** DATA EXTRACTS follows **
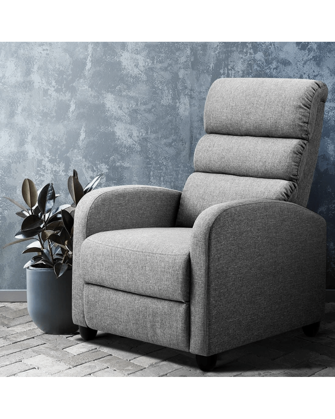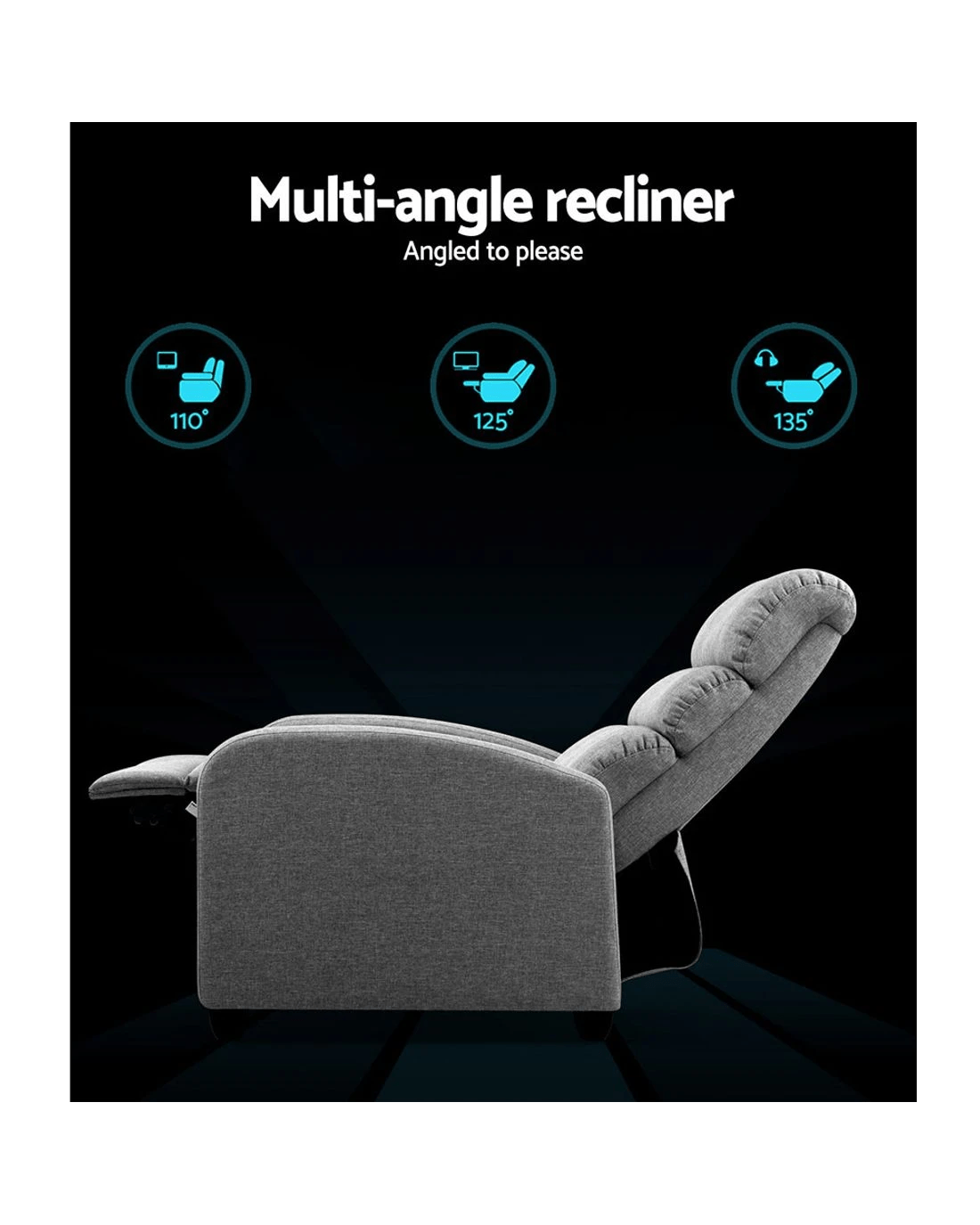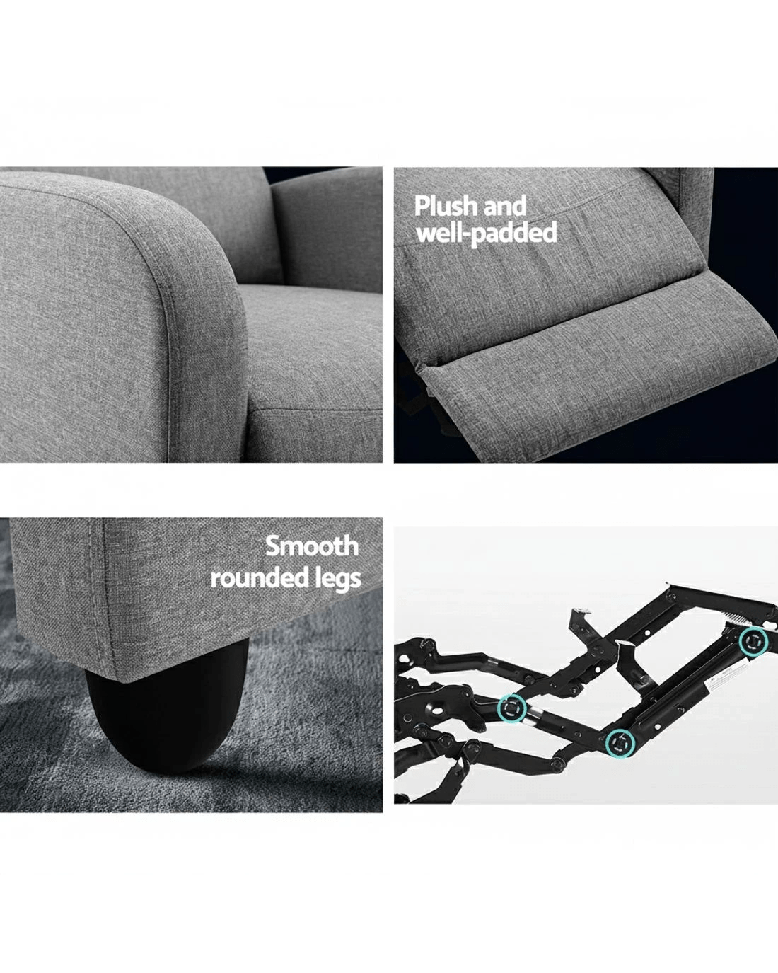 Artiss Recliner Chair, Grey Faux Linen — 21cm High-Resilience Foam, Adjustable Back & Footrest - Grey
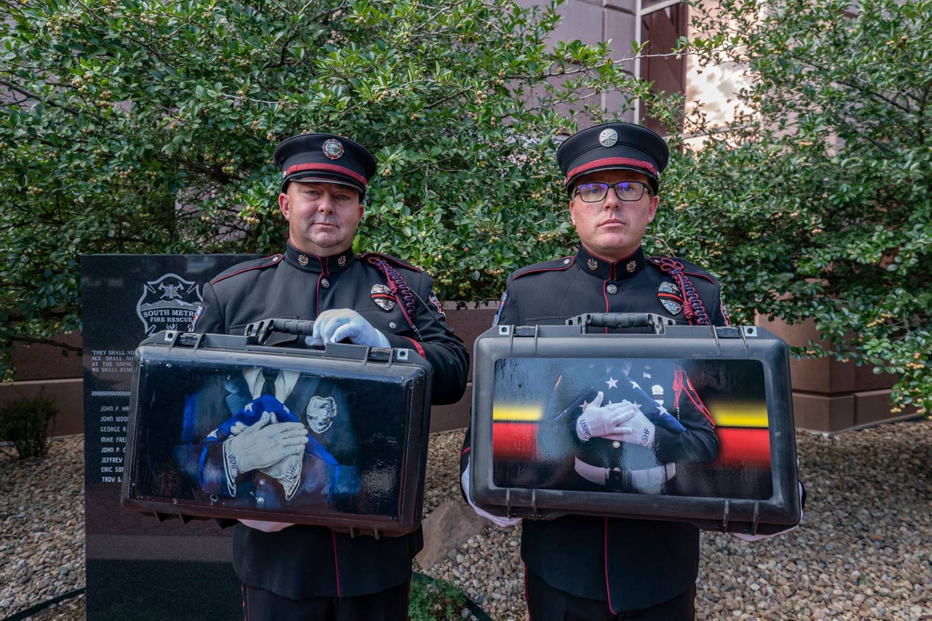 These flags traveled with Chris as he led the largest convoy of first responders in United States history to Ground Zero to provide support during that tragic event.
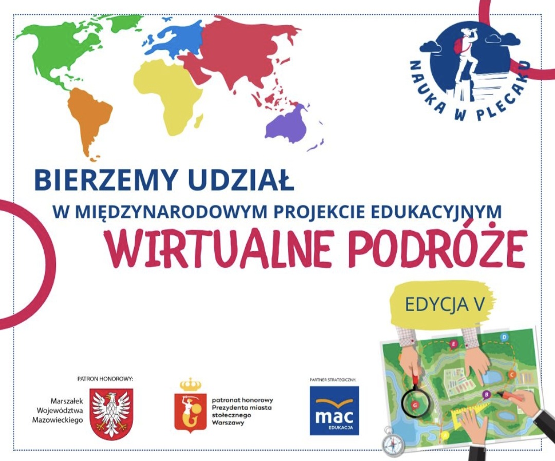 Klasa 3a i 3b bierze udział w 5 edycji projektu Wirtualne Podróże. Projekt ma na celu pobudzenie aktywności poznawczej dzieci poprzez udział we wspólnych działaniach. Zachęcić do zdobywania wiedzy o świecie i świadomego podróżowania. Jego integralną częścia jest uczestnictwo w lekcjach na żywo, w czasie których organizatrka dzieli się autentycznymi doświadczeniami z podróży po świecie.
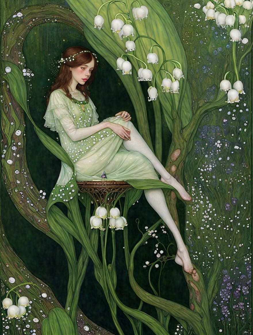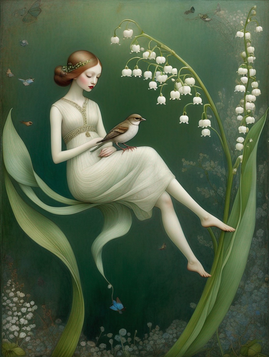 An ethereal illustration of a woman in a flowing dress seated on a lily of the valley, with a bird perched on the plant beside her.
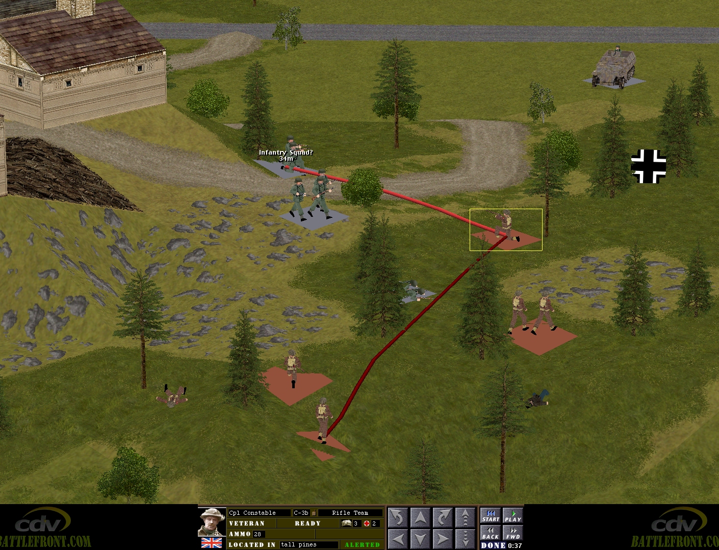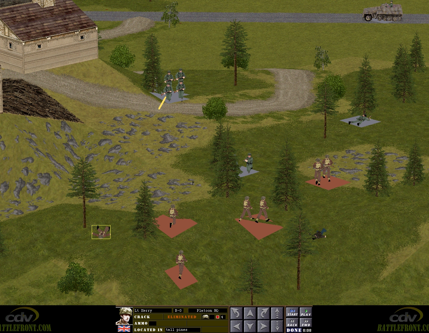 The situation deteriorates further when the 250/1 halftrack from the village, which has hurried to join the fun after losing sight of Corporal Whitehand, spots Englanders amongst the trees. By the time the clock hands halt, all of the British infantry units in the vicinity, with the exception of Captain Hood’s six-strong HQ, have been reduced to just two men.
** End of DATA EXTRACTS **
**WHAT YOU WILL DO**
Reproduce the data above without a single change, please, but without its pictures.

**PROBLEM SOLUTION**
 Artiss Recliner Chair, Grey Faux Linen — 21cm High-Resilience Foam, Adjustable Back & Footrest - Grey
 These flags traveled with Chris as he led the largest convoy of first responders in United States history to Ground Zero to provide support during that tragic event.
 Klasa 3a i 3b bierze udział w 5 edycji projektu Wirtualne Podróże. Projekt ma na celu pobudzenie aktywności poznawczej dzieci poprzez udział we wspólnych działaniach. Zachęcić do zdobywania wiedzy o świecie i świadomego podróżowania. Jego integralną częścia jest uczestnictwo w lekcjach na żywo, w czasie których organizatrka dzieli się autentycznymi doświadczeniami z podróży po świecie.
 An ethereal illustration of a woman in a flowing dress seated on a lily of the valley, with a bird perched on the plant beside her.
 The situation deteriorates further when the 250/1 halftrack from the village, which has hurried to join the fun after losing sight of Corporal Whitehand, spots Englanders amongst the trees. By the time the clock hands halt, all of the British infantry units in the vicinity, with the exception of Captain Hood’s six-strong HQ, have been reduced to just two men.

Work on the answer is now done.